Artinya : Barang siapa mengenal dirinya maka ia akan mengenal tuhannya.
Dalam menawarkan tugas yang sangat berat ini,Pernah ditawarkan Rahasia-nya itu kepada Langit,Bumi dan Gunung-gunung tetapi semuanya tidak sanggup menerimanya.
Seperti firman Allah SWT. Dalam Al-Qur’an surat Al—Ahzab ayat 72.
INNA ‘ARAT NAL AMATA, ALAS SAMAWATI WAL ARDI WAL JIBAL FA ABAINA ANYAH MILNAHA WA AS FAKNA MINHA,WAHAMA LAHAL INSANNU.
Artinya : Sesungguhnya kami telah menawarkan suatu amanat kepada Langit,Bumi danGunung-gunung tetapi mereka enggan memikulnya dan merasa tidak akan sanggup, Lantas hanya manusia yang sanggup menerimanya.
Oleh karena amanat (Rahasia Allah) telah diterima,maka adalah menjadi tanggung jawab manusia untuk menunaikan janjinya.
Dengan kata lain tugas manusia adalah menjaga hubungannya dengan yang punya Rahasia.

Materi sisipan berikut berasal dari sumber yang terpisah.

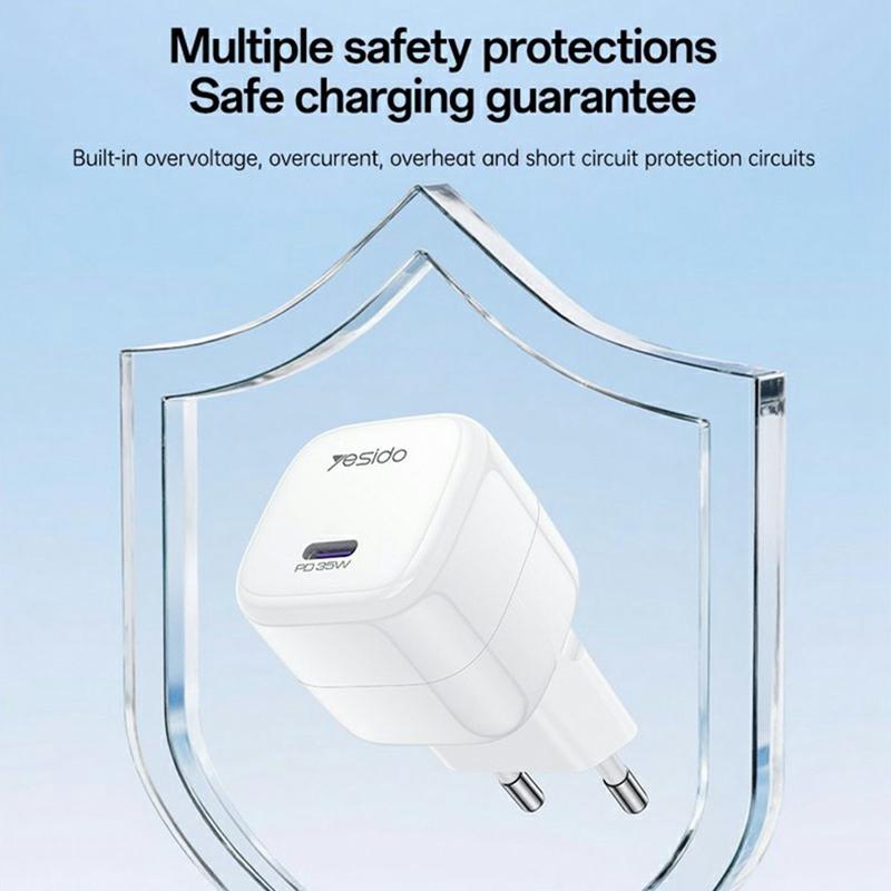 Chargeur mural USB-C PD Yesido YC103 35W GaN - Adaptateur secteur compact à charge rapide avec protection de sécurité
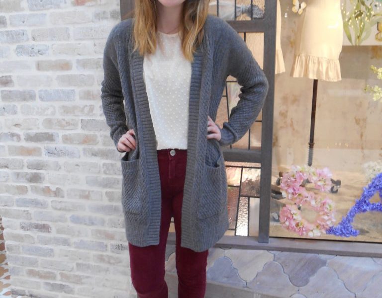 Her lightweight top keeps the outfit from looking too heavy, while the long knit cardigan provides much needed warmth. Throw on a parka and this outfit is perfect for those first few weeks back to school. It’s fun and bright, while still providing enough warmth for trekking across campus. What makes this outfit so versatile is the layering; combining pretty, lighter pieces with heavier pieces keeps the outfit from looking drab or heavy, while still being functional. This outfit can take this Fashionista from class, to dinner with friends, to meetings for school clubs, without a problem.
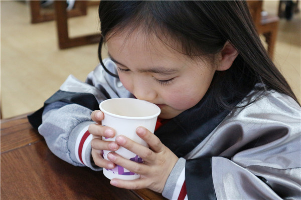 为了满足孩子们的愿望,李品谕老师为孩子们泡了一壶花茶。李老师以实践告诉孩子们泡茶讲究水源、水品、水味、水质,并在器皿与环境的选择上需要谨慎。清新怡人的花茶泡好后,李老师带着孩子们闻香品茗,孩子们沉浸在茶味的清香与芬芳中,感受到苏州茶文化的厚重。

Setelah amanat (Rahasia Allah) diterima oleh manusia (diri Bathin/Roh) untuk tujan inilah maka Adam dilahirkan untuk m,emperbanyak diri, diri penanggung Rahasia dan berkembang dari satu Dekade ke satu Dekade,diri satu generasi ke generasi yang lain sampai alam ini mengalami KIAMAT DAN RAHASIA DI KUMPUL KEMBALI.
INNA LILLAHI WA INNA ILAIHI RAAJIUN.